DATA EXTRACTS Block Start

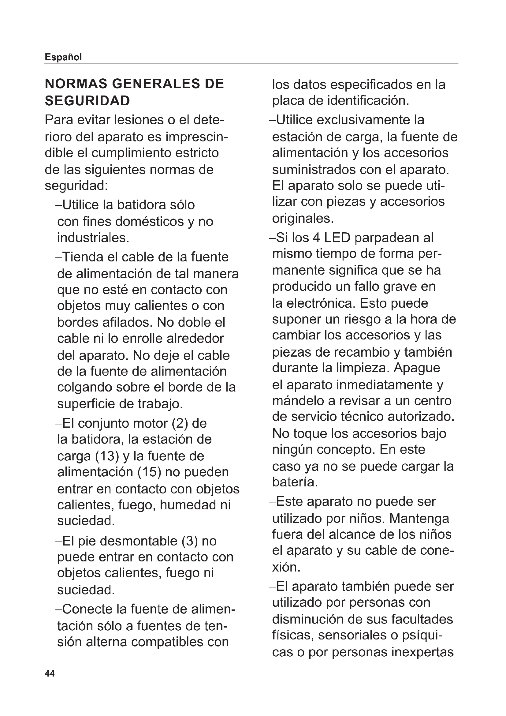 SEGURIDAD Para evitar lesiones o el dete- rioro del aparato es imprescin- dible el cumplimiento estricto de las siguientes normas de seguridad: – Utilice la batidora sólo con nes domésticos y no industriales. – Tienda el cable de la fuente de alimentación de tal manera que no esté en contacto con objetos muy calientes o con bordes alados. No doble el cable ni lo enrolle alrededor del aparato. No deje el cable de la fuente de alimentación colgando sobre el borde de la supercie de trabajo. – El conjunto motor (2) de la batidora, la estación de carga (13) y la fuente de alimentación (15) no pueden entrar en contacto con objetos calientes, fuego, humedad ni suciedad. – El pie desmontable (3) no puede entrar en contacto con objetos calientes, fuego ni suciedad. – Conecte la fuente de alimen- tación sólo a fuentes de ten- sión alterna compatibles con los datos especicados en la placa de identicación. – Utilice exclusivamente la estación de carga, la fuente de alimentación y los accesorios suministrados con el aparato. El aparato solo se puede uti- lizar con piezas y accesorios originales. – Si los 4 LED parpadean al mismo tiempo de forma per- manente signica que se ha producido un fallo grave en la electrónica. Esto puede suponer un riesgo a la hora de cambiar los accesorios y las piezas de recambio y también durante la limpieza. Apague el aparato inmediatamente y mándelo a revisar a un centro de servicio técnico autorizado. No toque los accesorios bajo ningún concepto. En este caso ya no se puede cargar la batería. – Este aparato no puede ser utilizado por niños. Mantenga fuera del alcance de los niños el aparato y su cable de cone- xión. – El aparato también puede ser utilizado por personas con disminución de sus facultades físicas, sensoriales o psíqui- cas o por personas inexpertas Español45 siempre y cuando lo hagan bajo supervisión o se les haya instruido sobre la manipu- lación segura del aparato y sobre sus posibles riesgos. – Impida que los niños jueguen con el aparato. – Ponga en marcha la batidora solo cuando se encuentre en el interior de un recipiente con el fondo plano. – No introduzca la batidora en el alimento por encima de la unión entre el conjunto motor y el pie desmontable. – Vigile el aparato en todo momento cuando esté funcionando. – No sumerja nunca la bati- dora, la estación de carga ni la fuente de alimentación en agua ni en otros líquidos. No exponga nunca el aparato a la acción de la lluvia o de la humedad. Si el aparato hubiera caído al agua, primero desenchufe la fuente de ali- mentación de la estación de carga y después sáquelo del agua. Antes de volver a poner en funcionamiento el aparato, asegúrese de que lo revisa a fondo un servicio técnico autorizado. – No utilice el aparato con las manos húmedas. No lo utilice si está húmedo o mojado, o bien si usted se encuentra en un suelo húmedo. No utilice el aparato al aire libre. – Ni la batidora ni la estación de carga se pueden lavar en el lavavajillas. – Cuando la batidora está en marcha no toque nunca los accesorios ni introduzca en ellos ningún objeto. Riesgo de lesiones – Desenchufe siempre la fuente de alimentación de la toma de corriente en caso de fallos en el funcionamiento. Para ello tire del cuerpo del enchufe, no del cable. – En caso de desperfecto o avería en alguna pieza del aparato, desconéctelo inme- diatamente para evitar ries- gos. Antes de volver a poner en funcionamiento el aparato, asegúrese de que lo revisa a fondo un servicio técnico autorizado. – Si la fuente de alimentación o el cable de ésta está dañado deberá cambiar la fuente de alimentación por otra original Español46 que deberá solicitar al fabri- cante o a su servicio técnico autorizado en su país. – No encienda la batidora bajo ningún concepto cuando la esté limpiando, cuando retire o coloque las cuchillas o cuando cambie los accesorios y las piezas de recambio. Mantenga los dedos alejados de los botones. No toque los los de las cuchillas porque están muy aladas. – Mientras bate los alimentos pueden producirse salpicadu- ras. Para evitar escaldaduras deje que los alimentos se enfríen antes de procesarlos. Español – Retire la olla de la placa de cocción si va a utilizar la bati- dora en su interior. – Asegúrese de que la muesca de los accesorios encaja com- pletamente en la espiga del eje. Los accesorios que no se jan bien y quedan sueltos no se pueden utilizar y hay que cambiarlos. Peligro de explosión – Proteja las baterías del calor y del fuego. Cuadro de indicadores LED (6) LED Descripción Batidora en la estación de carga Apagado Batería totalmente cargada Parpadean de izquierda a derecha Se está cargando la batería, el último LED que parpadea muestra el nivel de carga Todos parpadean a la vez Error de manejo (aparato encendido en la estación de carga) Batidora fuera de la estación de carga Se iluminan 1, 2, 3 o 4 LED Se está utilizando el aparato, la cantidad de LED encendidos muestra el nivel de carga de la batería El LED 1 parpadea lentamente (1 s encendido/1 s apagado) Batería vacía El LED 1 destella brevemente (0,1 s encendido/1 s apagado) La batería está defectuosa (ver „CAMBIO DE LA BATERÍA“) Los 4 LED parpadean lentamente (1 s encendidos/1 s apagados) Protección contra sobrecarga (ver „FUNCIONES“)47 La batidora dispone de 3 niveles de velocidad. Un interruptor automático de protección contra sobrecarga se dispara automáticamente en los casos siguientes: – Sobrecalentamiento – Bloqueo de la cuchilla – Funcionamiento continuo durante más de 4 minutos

DATA EXTRACTS Block End
DATA EXTRACTS Block Start

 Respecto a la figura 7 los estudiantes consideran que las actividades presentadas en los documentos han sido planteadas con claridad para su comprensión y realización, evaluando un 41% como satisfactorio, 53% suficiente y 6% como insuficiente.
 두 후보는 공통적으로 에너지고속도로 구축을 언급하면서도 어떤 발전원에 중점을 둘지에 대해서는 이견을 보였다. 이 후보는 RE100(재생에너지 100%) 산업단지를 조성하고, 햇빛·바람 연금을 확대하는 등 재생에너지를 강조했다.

DATA EXTRACTS Block End

### INSTRUCTIONS TO FOLLOW
Copy out the range of lines above starting at the line with "Respecto a la" and ending at the line with "두 후보는 공통적으로", exactly and including both.

### YOUR RESPONSE
 Respecto a la figura 7 los estudiantes consideran que las actividades presentadas en los documentos han sido planteadas con claridad para su comprensión y realización, evaluando un 41% como satisfactorio, 53% suficiente y 6% como insuficiente.
 두 후보는 공통적으로 에너지고속도로 구축을 언급하면서도 어떤 발전원에 중점을 둘지에 대해서는 이견을 보였다. 이 후보는 RE100(재생에너지 100%) 산업단지를 조성하고, 햇빛·바람 연금을 확대하는 등 재생에너지를 강조했다.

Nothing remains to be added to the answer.